Can GE sustain its Q3 earnings momentum?
3/28/2025 04:11pm
**General Electric's (GE) ability to sustain its Q3 earnings momentum appears challenging** based on several factors:
1. **Recent Performance**: GE's Power & Water segment has seen a significant decline of 26% in sales. This drop, coupled with a 41% year-over-year decline in orders for the Aviation segment, suggests that GE is facing headwinds in its core business areas.
2. **Market Conditions**: The global decline in wind turbine demand, particularly in Europe, and the impact of reeling natural gas prices in the U.S. have affected GE's sales. These market conditions show volatility and uncertainty, which can be difficult to sustain.
3. **Strategic Changes**: While the appointment of a new CEO has been viewed positively, the effectiveness of this change in sustaining earnings momentum will take time to materialize. The company's recent management reshuffle may not immediately reverse the declining trends in its business units.

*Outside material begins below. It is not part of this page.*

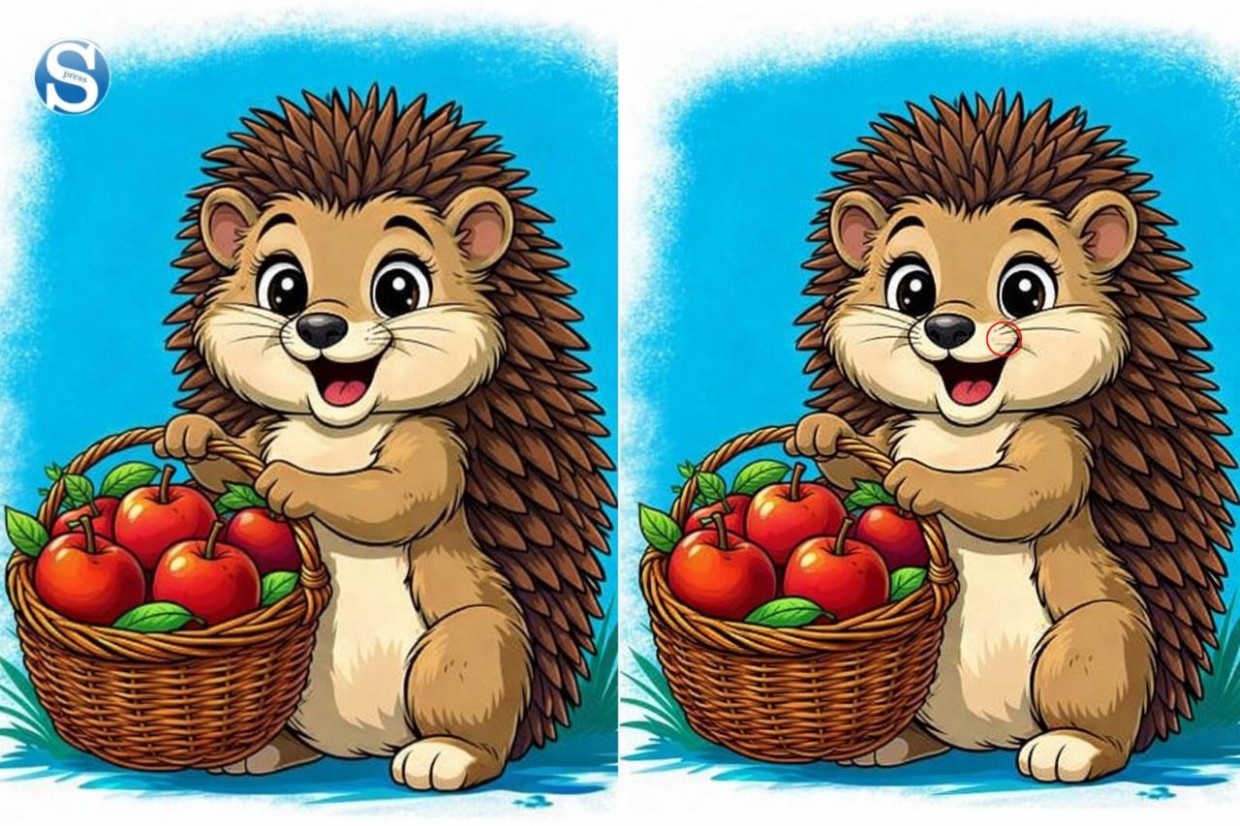 Головоломка «Ежик с корзинкой яблок»: Найдите одно отличие на картинках за 10 секунд

4. **Financial Estimates**: The estimated EPS for Q3 2023 is $0.56, which suggests that GE is expecting lower earnings compared to previous quarters. This could indicate a slowdown in momentum.
In conclusion, while there is potential for a turnaround based on the new CEO's track record and strategic focus, the current market conditions and recent performance indicators suggest that sustaining Q3 earnings momentum will be a tough challenge for GE. The company needs to navigate through its current difficulties and capitalize on its strengths to achieve sustained growth.